Mechanistically, the pro-oxidant activity of compounds and complex matrices (e.g., plant extracts) is often driven by Fenton-type reactions. These reactions require hydrogen peroxide and the presence of transition metals (e.g., iron, copper) within a reducing environment capable of converting transition metals from a higher to a lower oxidation state. These conditions are present across human, plant, and microbial cells and within culture media. Because culture media necessarily contain transition metals and reductants, hydrogen peroxide is a plausible trigger of Fenton chemistry. To fully understand this phenomenon, a comprehensive mapping of the hydrogen peroxide formation and accumulation, particularly in later cultivation stages, would therefore be essential for process design and control. In this context, several studies provide relevant insight [34,35,36].
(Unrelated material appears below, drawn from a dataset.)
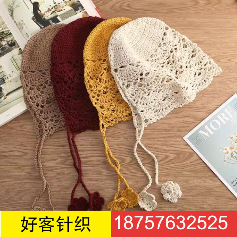 萝莉帽甜美渔夫帽日系头巾包头帽帽子女韩版棉线钩织复古宫廷公主

Limitations include incomplete FRAP₅₀/DPPH₅₀ determination for all compounds and the use of in vitro chemical assays that do not capture matrix effects, intracellular redox buffering, or metal speciation in culture media. These constraints motivate integration with cell-based and process-level readouts (e.g., ROS metrics, H₂O₂ mapping, growth/productivity indices).

5. Conclusions

This pilot study provides an integrated framework for evaluating how the intensity and balance of antioxidant and pro-oxidant activities may impact biotechnological production. We analyzed 33 compounds currently produced via plant cell cultures and quantified activity using DPPH₅₀, FRAP₅₀, and the PABI. Our findings indicate that the balance between antioxidant and pro-oxidant tendencies (DPPH₅₀/FRAP₅₀) can guide (i) the selection of compounds for specific applications (cytotoxic vs. cytoprotective use) and (ii) the optimization of cultivation conditions to maximize productivity while minimizing self-limiting oxidative stress.

Future work aims to predict antioxidant/pro-oxidant behavior directly from molecular structure with high accuracy and to expand the dataset to improve model generalizability. Collectively, these insights are expected to guide the design and optimization of biotechnological processes for high-value plant-derived products.